In our experimental results, we observed that the freezing gelation of the egg yolk liquid became more pronounced with an increased ratio of LDL to HDL. This phenomenon may be attributed to the fact that the aggregation of egg yolks is influenced by variations in forces during the freezing process, and the gelatinization of egg yolks is associated with the breakdown of lipoproteins and the subsequent interactions among protein molecules [35]. An increased LDL to HDL ratio enhances intermolecular forces. Following the freeze–thaw treatment, the hydrophobic and electrostatic interactions between egg yolk proteins were intensified, leading to the formation of a dense gel structure. Chi et al. [36] proposed that gelation results from non-specific aggregation due to the cross-linking of peptide or phospholipid polar head groups of neighboring lipoprotein particles. During freezing, as water in the solvent transitions to ice, contacts among particles are established and strengthened, particularly as the concentration of particles increases with a higher LDL to HDL ratio, which enhances protein aggregation.

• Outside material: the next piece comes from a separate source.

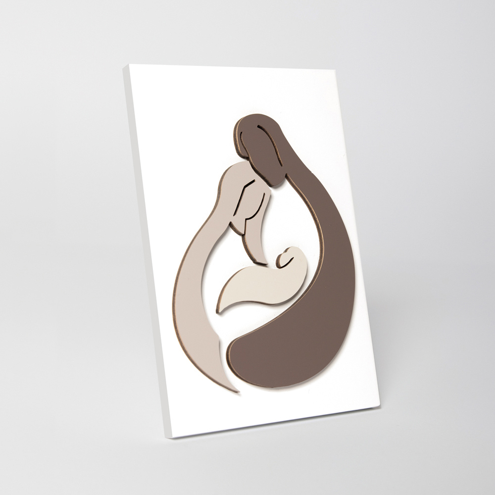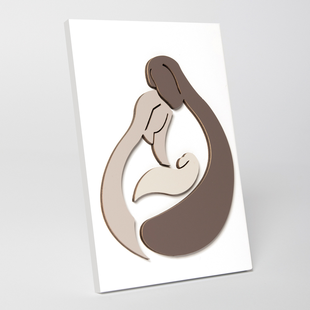 Questo quadro è frutto dell'artigianato italiano, le figure sono disegnate a mano per poi essere dipinte con la luce del raggio laser, senza alcuno spreco e nel rispetto dell'ambiente. Per questo elemento si è scelto appositamente uno stile minimal ed essenziale per esaltare e rappresentare unicamente l'avvento di Gesù. L'unione di finiture e colori crea un prodotto unico nel suo genere che fa trasparire l'amore e l'affetto della famiglia.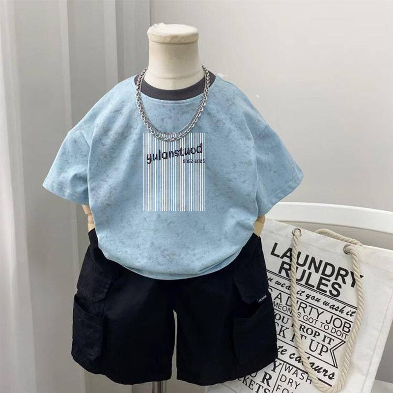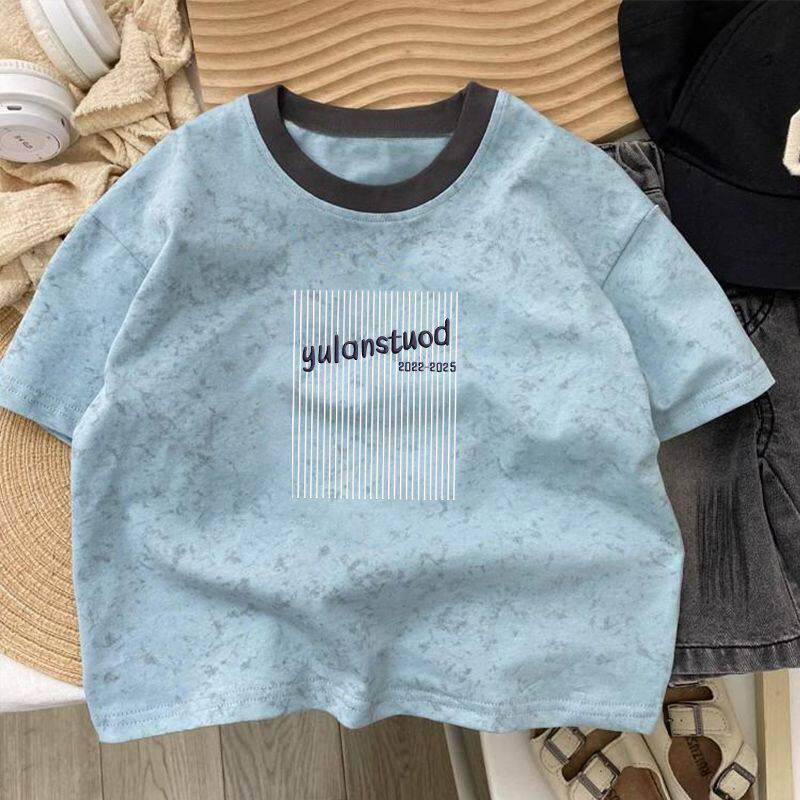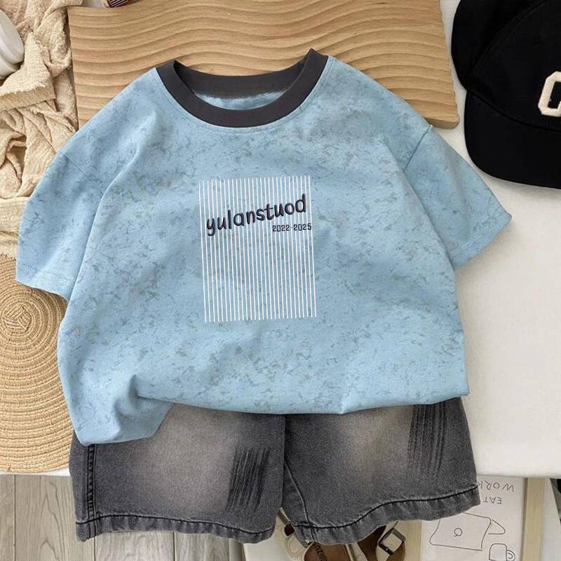 男童T恤短袖夏款2026新夏季中童重工扎染男孩儿童休闲纯棉半袖潮

Additionally, we found that increasing the percentage of HDL had a more significant impact on the gelatinization of the egg yolk liquid compared to the LDL group. The reason for this may be the greater involvement of egg yolk HDL in the freeze–thaw gelatinization during cryopreservation. Compared with LDL, HDL has a lower lipid content and a stronger freeze–thaw process, which protects lipoproteins from freeze–thaw denaturation, thus allowing more lipoprotein aggregation to occur [37]. In this study, we focused exclusively on LDL and HDL, the two primary lipoproteins present in egg yolk, to investigate their mechanisms of influence on the cryogelation of the liquid egg yolk. However, the exploration of the mechanisms underlying egg yolk liquid gelation remains underdeveloped, and the potential interactions between proteins and lipids that may also affect cryogelation were not analyzed. Future research should consider modifying methods to isolate LDL and HDL with greater purity while preserving their natural physiological conditions and properties. Additionally, further experiments are warranted to examine the effects of other constituents in egg yolk, such as phospholipids and sterols, on the gelation of liquid egg yolk.

5. Conclusions

The present study confirms that both LDL and HDL play significant roles in the cryogelation process of egg yolk. It demonstrates that as LDL aggregates, HDL interacts with these LDL aggregates, contributing to gel formation. Increasing the levels of LDL and HDL intensifies the gelatinization of the liquid egg yolk, with the enhancement caused by HDL being particularly pronounced. This indicates that HDL may exert a greater influence on the frozen gelation of egg yolks. Elevated levels of both LDL and HDL resulted in an increase in bound water and a decrease in fixed free water during egg yolk gelation, thereby exacerbating the gelation process. Additionally, the increased content of LDL and HDL was found to contribute to changes in protein conformation due to ice crystal formation, leading to the further unfolding of hydrophobic groups in egg yolks during freezing. Observations of the microstructure of frozen and thawed egg yolks reveal that a higher LDL and HDL content correlates with the more pronounced aggregation of proteins and lipids, suggesting that the gelation of the liquid egg yolk may result from the aggregation of substances such as LDL and HDL.